I hope its still an RPG and not something like Dragon Commander.
Dragon Commander was real fun though
The problem with Dragon Commander is that it's a bunch of individually good to great components joined together in a way where they prevent each other from shining. You have a cool dragon-with-jetpack mode, but it restricts your ability to order your troops and is also on timer, meaning that if you succeed hard in the RTS mode, you won't really get to see it. You have an RTS mode, which is surprisingly competent and works quite well, with good units and combat mechanics (but bad base building and lack of unique maps), but unit production doesn't mesh with ability to manipulate units in TB - with big enough TB army you can blitzkrieg the map without producing anything and whatever you have produced disappears when back to TB. Of course if you blitzkrieg the map, you don't get to be a dragon and play with cool jetpack. And of course you have TB mode, where if you succeed, not only you will have no opportunity to play with your dragon form, due to RTS timer, but you may not even need to get into RTS mode at all.

In short you have three different modes that undermine each other instead of working in concert. And lack of unique maps.

Plus I really miss the early "fantasy Homeworld with dragons and magitech airships" feel - rooting the action to the ground in some way was necessary IMO, but not at the expense of all the cool aerial stuff - it should mainly provide context and support/capture mechanics.

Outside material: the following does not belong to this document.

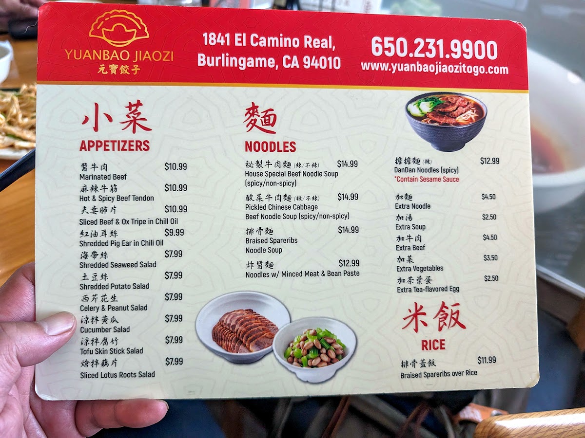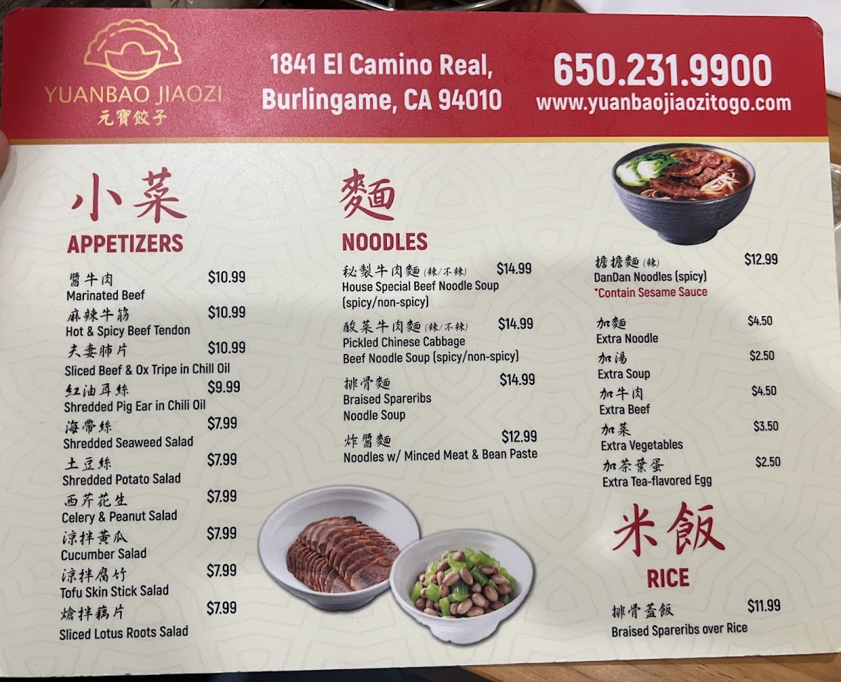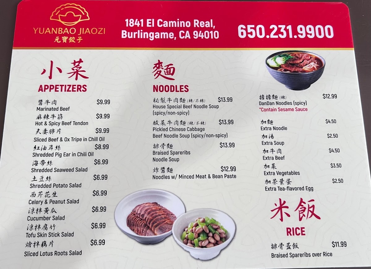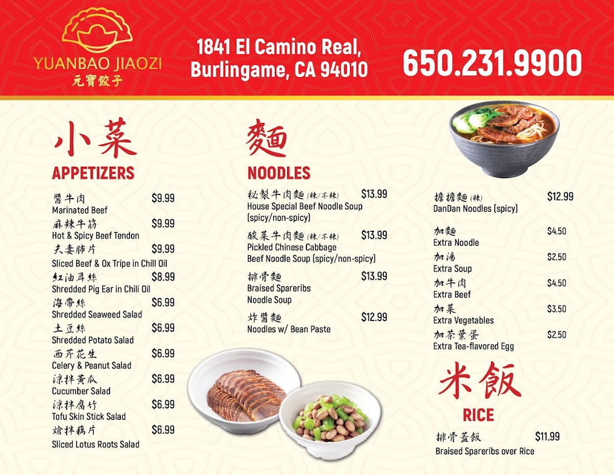 Yuanbao Jiaozi Menu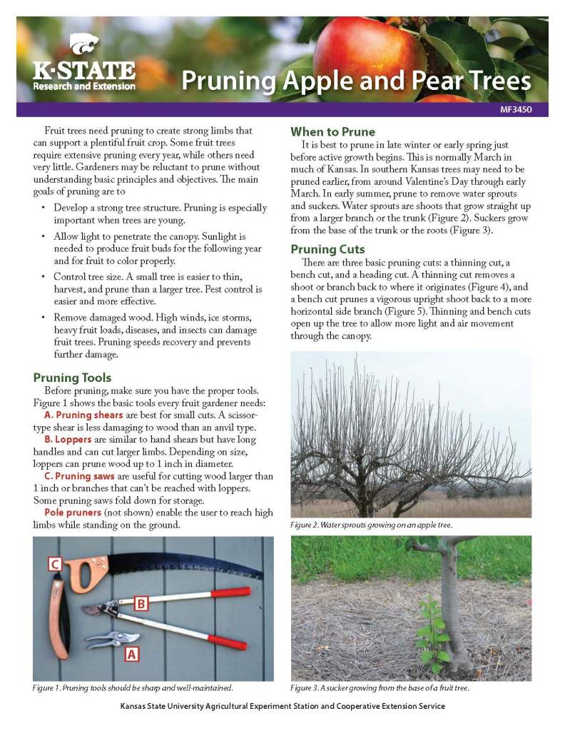 The thought of growing a fruit tree is always exciting and in Kansas there are many types of fruit trees that can be grown very successfully. What isn’t always exciting is to think about the work necessary to keep fruit trees healthy and strong. Fruit trees do require more work and regular care than shade or ornamental trees and pruning is just one key element of proper care.

A Dragon Commander with well integrated gameplay modes (I would start with no unit production in RTS or segregated strategic units (which you bring over from TB map but cannot produce in RTS) and tactical units (not tracked in TB map, but produced in strategic units during RTS), always being in dragon form during battle and having the ability to toggle cursor), UNIQUE content, and, for example, surface/cloud mechanics from DOS could be delicious.
I never once played it in RTS mode though solved all conflicts on the Risk map
And thus about 1/3 of the game mechanics and content was wasted on you. And it's not an RPG where it's par of the course - you'd have to play badly on purpose to even see it.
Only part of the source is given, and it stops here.